Funerary

Artist: 
Album Title: 
Starless Aeon
Release Date: 
Tuesday, August 12, 2014
Distribution: 
Review Type: 

And all the dark things came out from hiding and had the world all to themselves… Isn’t that a great statement to start with? Indeed, that was what I thought too…

It might seem odd, but releases on tape are on their revival. I do not care, because it brings back the primal grotesquery (read: melancholy) of the earliest years. The disadvantage, however, is the sound and the loss of quality after a while. But Midnite Collective, formerly Ear Splitters, are one of those labels that does not eschew releasing cassette-material.

On December 29th, Concreteweb posted a review for Ancient Altar, written by colleague Patrick, by the way.

Brings me to Funerary, a very young band that was able to perform live on stage with the likes of Ash Borer, Amarok, Lycus, Samothrace, Hell and many others – pretty impressive for being so young… They recorded Starless Aeon at Audio Confusion Studios, and had the material mastered at the Earhammer Studio with Greg Wilkinson.
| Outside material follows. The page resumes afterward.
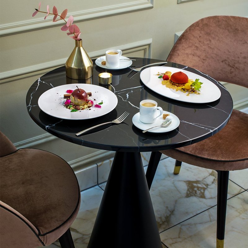 La collection Stella Cosmo de Villeroy & Boch est la garantie d’une présentation soignée. Son décor extrêmement élégant séduit par son esthétique et complète ainsi parfaitement le design chic au style affirmé de Stella Hotel. Déclaration de style en filigrane, Stella Cosmo offre une toile de fond culinaire sur laquelle de délicieux mets seront mis en valeur.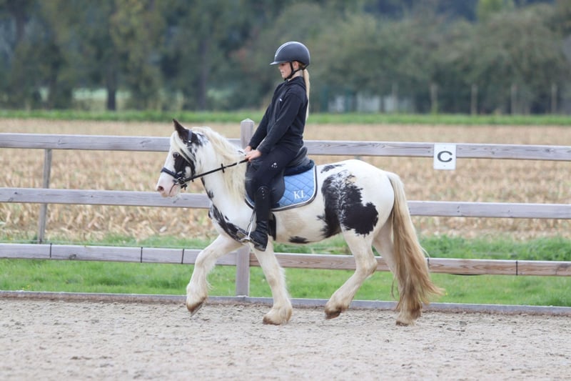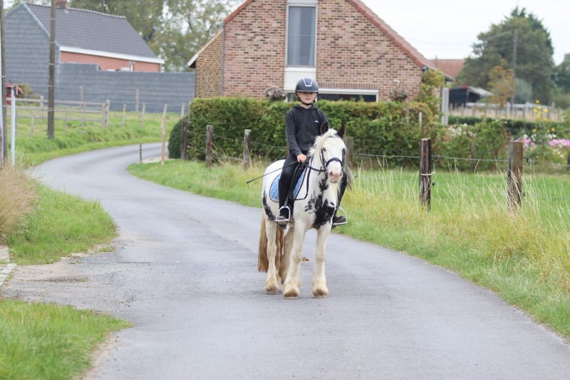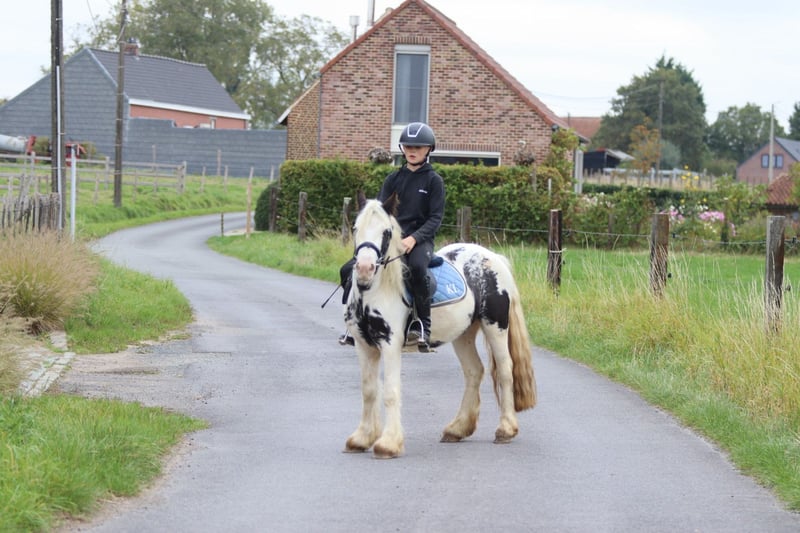 ✨ Tinker pony Cobra ✨ Cobra is a beautiful 4-year-old Tinker gelding standing at 1.26m. He has a very sweet character and immediately stands out with his lovely markings and that special blue eye. 🩵 In handling, he is super calm and cuddly, a real sweetheart who loves attention. Under saddle, he is very well-behaved and easy to ride. He takes small jumps and also enjoys going out on trail rides. 🌿🐎 Cobra is a nice all-round pony who, with his gentle character and cheerful demeanor, steals everyone’s heart! 💫 More info? +32475682243 For videos, feel free to ask for our website.

Starless Aeon lasts for thirty four minutes and sounds like a sledgehammer brutally caressing your skull. Once again, and hereby I mean that it sounds like some ‘trend’ lately, it is a mixture of massive (Funeral) Doom and Sludge, with elements from Post-Hardcore and Black Metal, but once again too, the quality is of an exceptional high level. The five lengthy compositions are enormously varying (the speed, for example, varies from very slow to even slower, up to oh so sloooowww…), and because of the dissonant, little chaotic structures and the extremely obscure atmosphere, it must hold the attention of the dark-minded ones amongst us. And with ‘obscure atmosphere’, I would like to mention the second and third track (somewhat a Siamese twin), Atonement / Beneath The Black Veil: how oppressing and asphyxiating this is… I truly have never experienced such a funereal performance in combination with quasi-dreamlike spheres of esotery. Tribal and ritual it is, penetrating yet caressing, disturbing but revealing so much… I also appreciate the rawness of the execution; I’m not sure, but this must have been registered in a live setting to create that organic sound. And oh yes, the (short) title track is a hypnotic piece of ominous Ambient / Drone, which totally fits to the morbid album in general.

2014 is a top-year for bleak and dark Drone / Sludge / Funeral Doom / Black majesty (in a couple of days I will review the Mudbath-album Corrado Zeller, so expect more of this sonic beauty to come…), and with Funerary we might have a top-act in all its glory!